/ 2 February 2001

Tackle the lion under the bed

David Beresford

Another Country

There is what might be described as a pre-Copernican instinct in most people that proceeds from a sense of self-importance to an assumption about the centrality of their lives to human existence and their times to history.

When the impulse came to declare mankind at a turning point, or crossroads, it was as well, perhaps, to question the coincidence.

An example of that tendency is the current global indecision over which road to take in experiments with human embryos the House of Lords endorsement, last week, of the House of Commons decision to carry on with such research in Britain and anticipation that George W Bush will try to roll back on Bill Clinton’s go-ahead in the United States.

Although I stand to benefit personally from this line of research (medical scientists seeming to believe that among the first applications would be the effective treatment of Parkinson’s, a degenerative disorder I have) at times I share some qualms about its desirability.

This uncertainty is not founded in concerns about the sanctity of human life, a concept that arguably harbours artificial and dangerous distinctions. It stems from the reasonable perception that mankind has its collective foot somehow jammed on the accelerator of a vehicle that is gaining speed at an exponential rate, leading to the anticipation of an inevitable crash and likely self-destruction.

The apprehension is nothing particularly new. It probably has its origins in the realisation of the atom’s destructive power and our ability to destroy the planet. But the creative tends to be more powerful than the destructive and in retrospect fear of the nuclear bomb could be classified as primitive when stood in comparison with 21st century realities.

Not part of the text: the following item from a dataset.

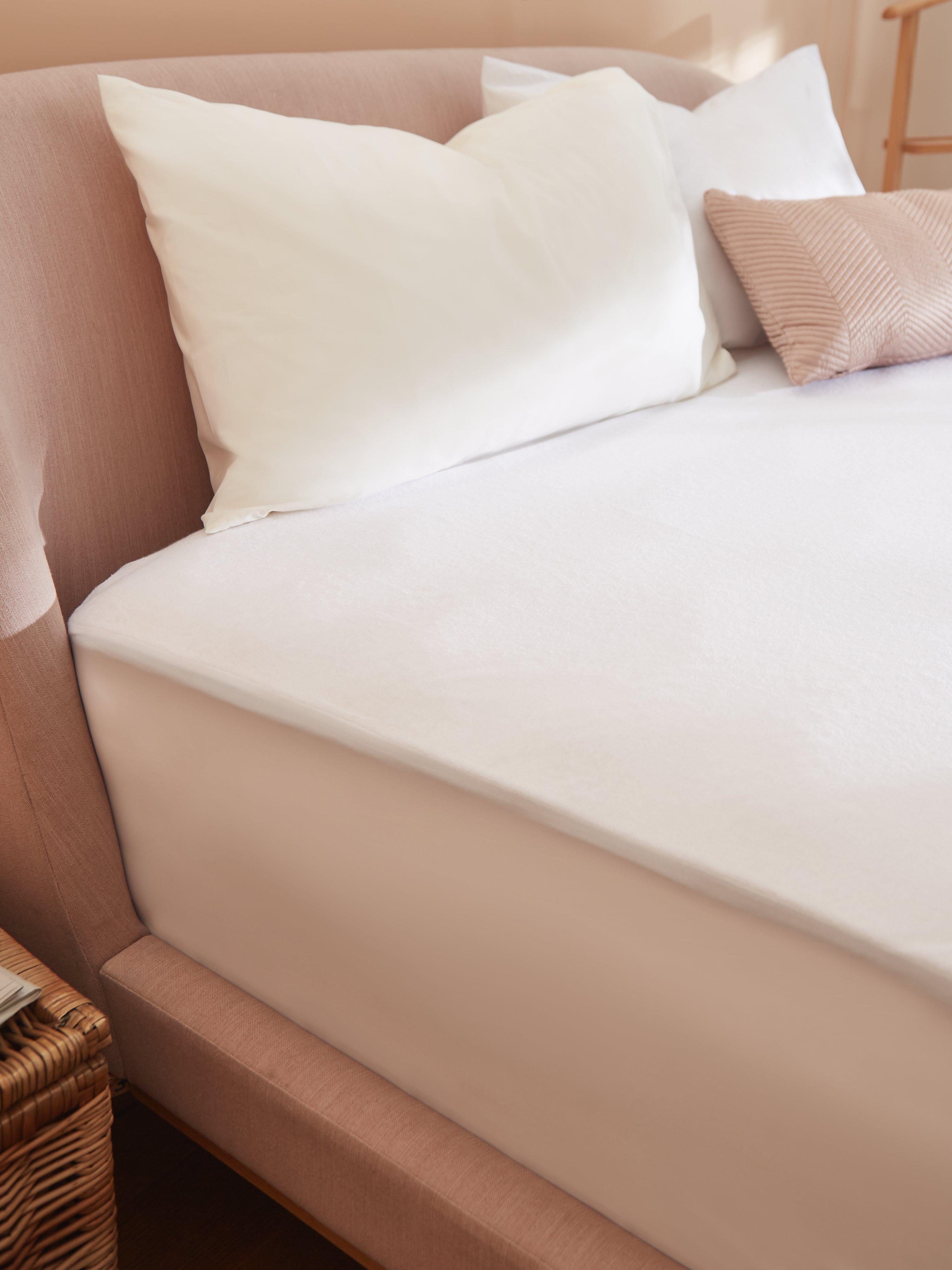 This Micro-Fresh-treated protector combines cotton terry towelling with a polyurethane reverse. The Micro-Fresh technology helps to keep bedding fresher for longer. The active ingredients in Micro-Fresh inhibit the spread and growth of bacteria by up to 99.99% and remain active wash after wash. It uses materials naturally occurring in our environment that are kind to human skin.

It is a time when primates are being reprogrammed with jellyfish genes to make them glow in the dark and primates’ brains are being hooked up in experiments to control machines situated hundreds of kilometres away.

Even those unhappy images off the island of Dr Moreau pale in the new dawn that seems to be fast approaching when damaged brain cells will be replaced, old people have their memories restored and severed spines be reknitted. Happy days! But, if repair is possible, why not redesign? What if … what if …?

In the face of a degenerative and seemingly incurable disease like Parkinson’s one comes to appreciate that almost as much of a peril as the illness itself are the “what ifs” and the destructive uncertainties they evoke. “What if” one is fired as incapable; “what if” one’s spouse stops loving; “what if” one frightens the neighbourhood children …

But then “what ifs” can be seen to haunt every sector of life, from the child anxiously asking himself “what if there is a lion under my bed” to such as the would-be rock climber who has to face the “what ifs” of vertigo, or the actor dealing with the “what ifs” of stage fright.

“What if?” lies so much at the centre of Parkinson’s that it could almost be described as the “what if?” disease. The very paradox of its symptoms shaking combined with rigidity and momentary paralysis could be said to be identical with the emotions and condition evoked by the “what if” question: the shaking of nervous agitation and the paralysis of fear.

Is it a coincidence, one is tempted to ask on occasion, that Parkinson’s is associated with old age, not only epidemiologically, but symptomatically? Is it primarily found among the old, because when one is old one has usually learned the secret hidden from the young: shit happens and, of course, death comes?

Mankind as a whole is ageing and every year seems to bring a fresh appreciation of the fragility of human existence. Geology is teaching that, far from it being terra firma, the Earth is still shaping itself with the help of terrifying forces. The odds on a cataclysmic meteor strike unknown until a few decades ago appear to be against man’s long-term survival.

Every unseasonable rainstorm brings with it fears of an ice age. An oriental chicken coop, we have learned, could precipitate global destruction. Those are just so-called natural threats to survival. The most benevolent of experiments threatens to summon viral plague; the homely refrigerator and aerosol spray to rip apart the heavenly parasol; the comfortably bovine figure of a cow to spawn an epidemic liquefying man’s brains …

What about the perils as yet unrecognised by science? Three species die out every hour, we are told. It seems self-evident we are in the queue to pass the turnstiles to extinction.

“What if there is a lion there?” demands the boy, in useless pleading for a zookeeper to root out the beast lurking in his mind. The habit of nightly survival lulls the adolescent into indifference over what lies under the bed. It carries them into the carefree years in which youthful ignorance pretends to the understanding that to live one must at times be reckless of life.

In adulthood, the “what ifs” born of painful experience rather than childish innocence begin crowding in, causing the rock climber to look at the drop below, the actor to hesitate against the momentum of gesture and words.

“Turn back, turn back,” cries the panicked mind. “Too late!” shouts reason. And in the repeated contradiction is to be found only shaking paralysis.